> [Task to carry out] Retype the line with "Figura 3. Creación" in it, then each line after it to the end of the data, word for word.

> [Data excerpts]
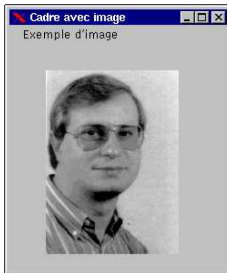
FIG. 5.3 – Affichage d'une image

Écrivons une application Java permettant d'afficher une image se trouvant dans le même répertoire que l'application.
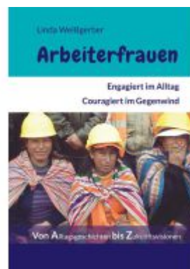
Arbeiterfrauen Ladenpreis: 18,00EUR
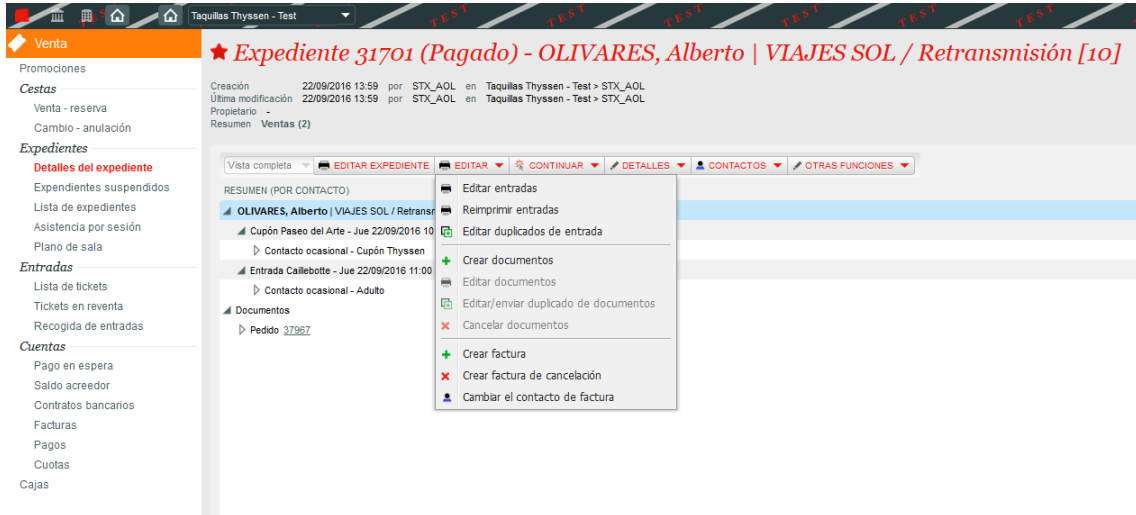
Figura 3. Creación de una factura de un pedido a nombre de una estructura.

El inicio del proceso es exactamente el mismo que el descrito en el punto anterior (localizar el pedido y pinchar en “Crear factura”).

> [Response area]
Figura 3. Creación de una factura de un pedido a nombre de una estructura.

El inicio del proceso es exactamente el mismo que el descrito en el punto anterior (localizar el pedido y pinchar en “Crear factura”).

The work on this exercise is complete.